- _PROBLEM TO SOLVE_
Quote word for word from the line holding "عشرات الآلاف يحتشدون" to the last line below, including both, and omit any pictures.

- _DATA SECTION_
....

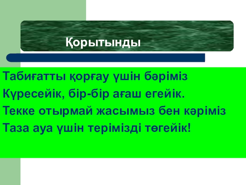 Қорытынды Табиғатты қорғау үшін бәрімізКүресейік, бір-бір ағаш егейік.Текке отырмай жасымыз бен
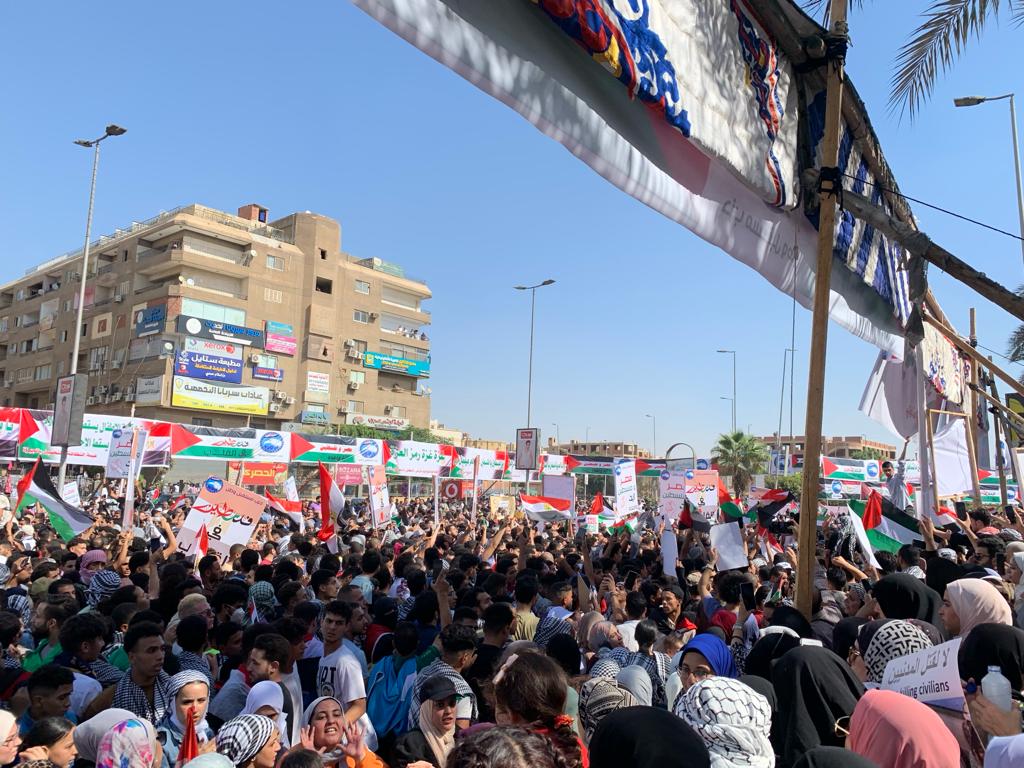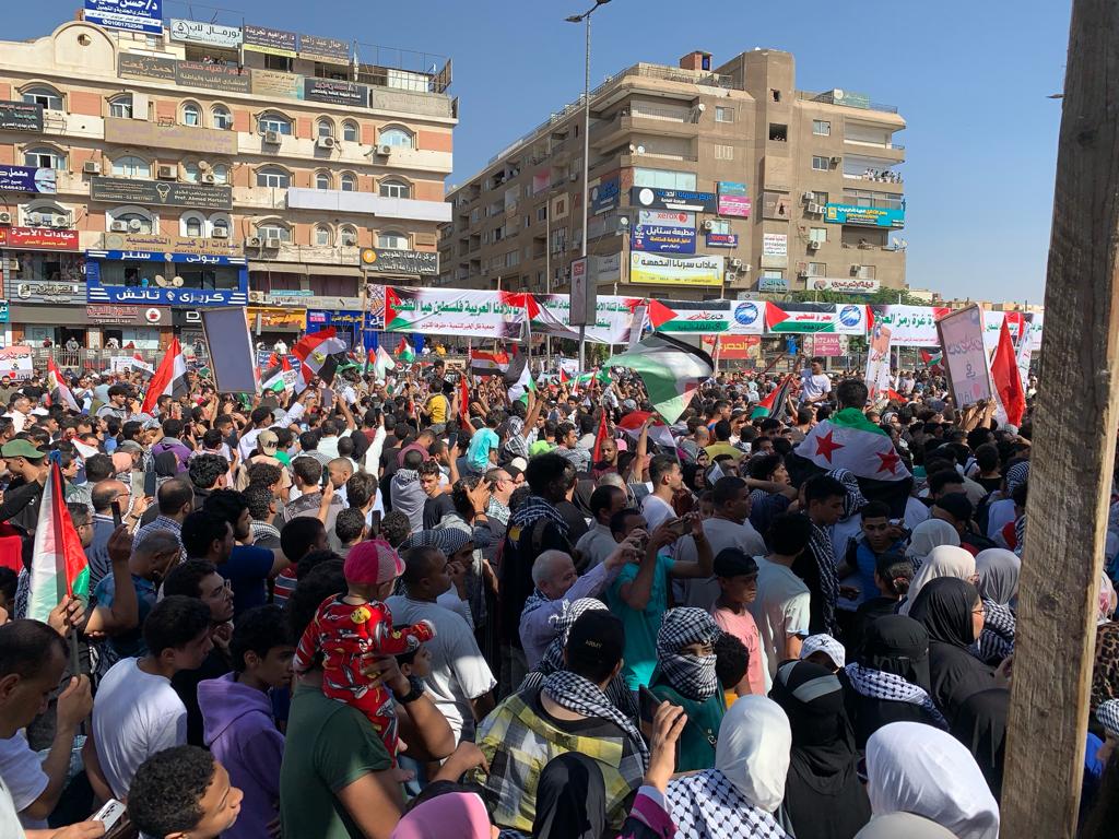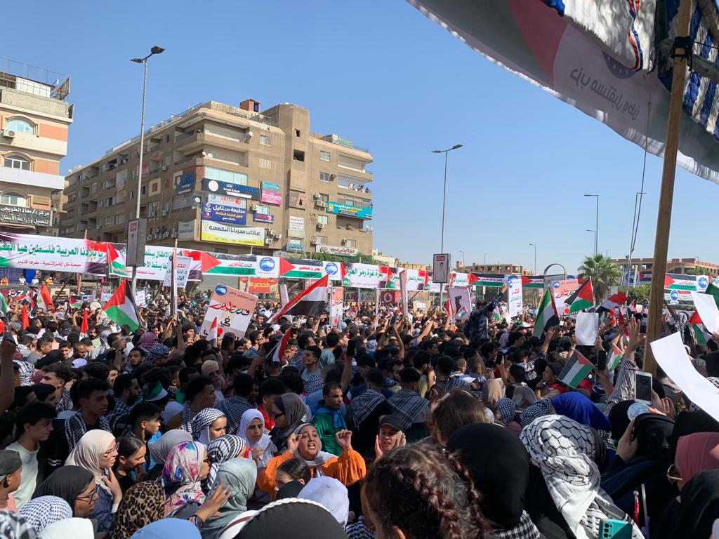 عشرات الآلاف يحتشدون بميدان الحصري دعما لغزة ورفضا لسياسة التهجير للفلسطينيين
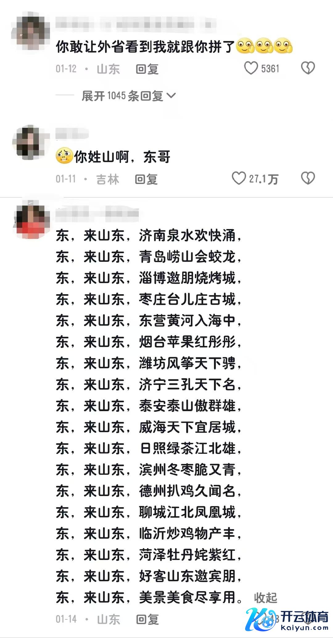 这几句简便却超上面的词儿,配上带感的节律,几句话,琅琅上口。驳斥区更是吵杂超卓,“听一遍就被洗脑,这才是山东专属 BGM”“这首歌传到那儿了”,还有网友现场为山东作曲,可见这股喊麦风刮得有多猛。山东的宥恕好客就这样随着节律,钻进了人人心里。
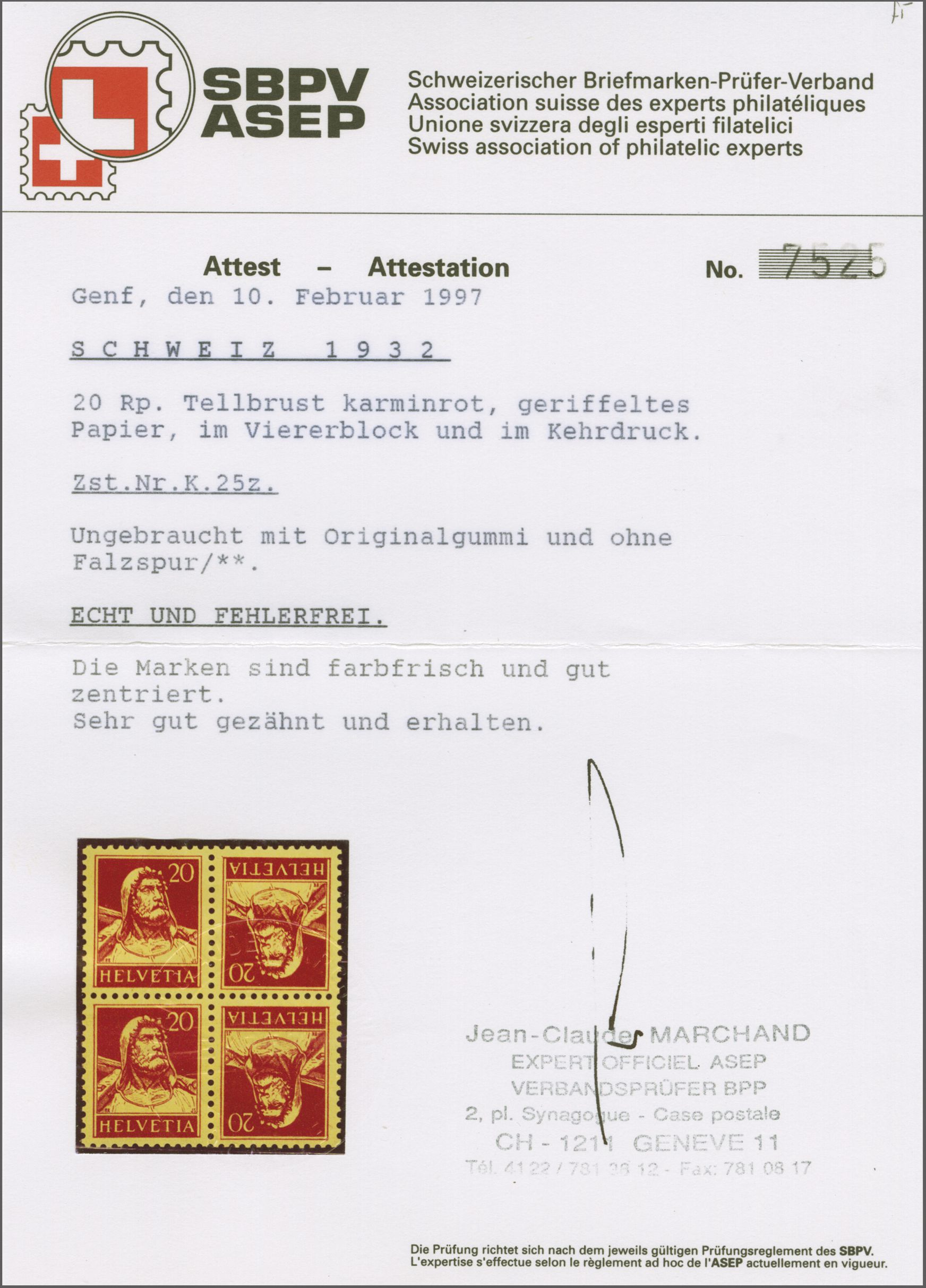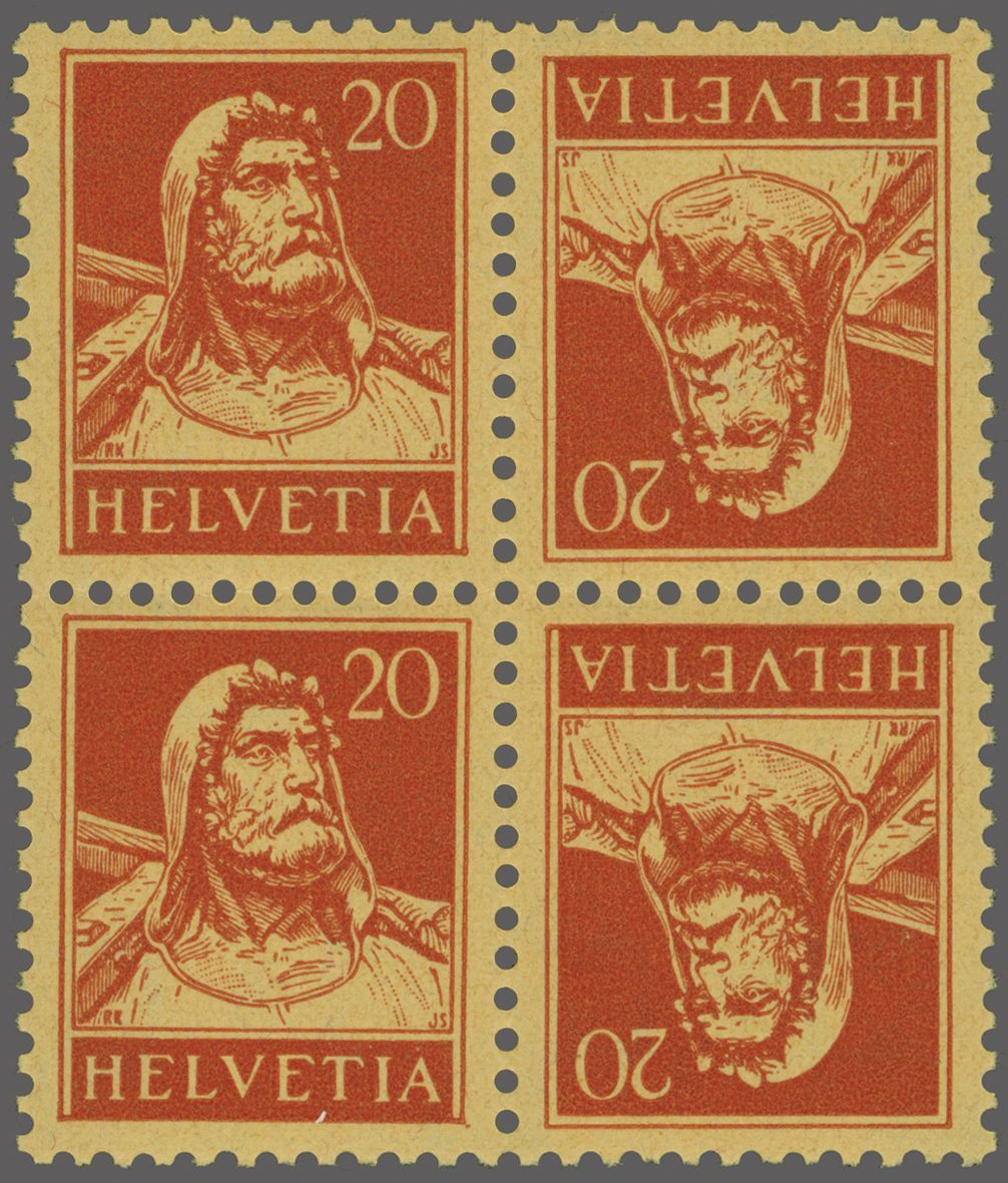 1932: Tellbrustbild 20 Rp. karminrot auf geriffeltem Papier, zwei waagr. Kehrdruckpaare im Viererblock, einwandfrei gezähnt, postfrisch mit voller Originalgummierung und in fehlerfreier Erhaltung. Eine seltene Einheit; Attest

....

- _ANSWER BOX_
 عشرات الآلاف يحتشدون بميدان الحصري دعما لغزة ورفضا لسياسة التهجير للفلسطينيين
 这几句简便却超上面的词儿,配上带感的节律,几句话,琅琅上口。驳斥区更是吵杂超卓,“听一遍就被洗脑,这才是山东专属 BGM”“这首歌传到那儿了”,还有网友现场为山东作曲,可见这股喊麦风刮得有多猛。山东的宥恕好客就这样随着节律,钻进了人人心里。
 1932: Tellbrustbild 20 Rp. karminrot auf geriffeltem Papier, zwei waagr. Kehrdruckpaare im Viererblock, einwandfrei gezähnt, postfrisch mit voller Originalgummierung und in fehlerfreier Erhaltung. Eine seltene Einheit; Attest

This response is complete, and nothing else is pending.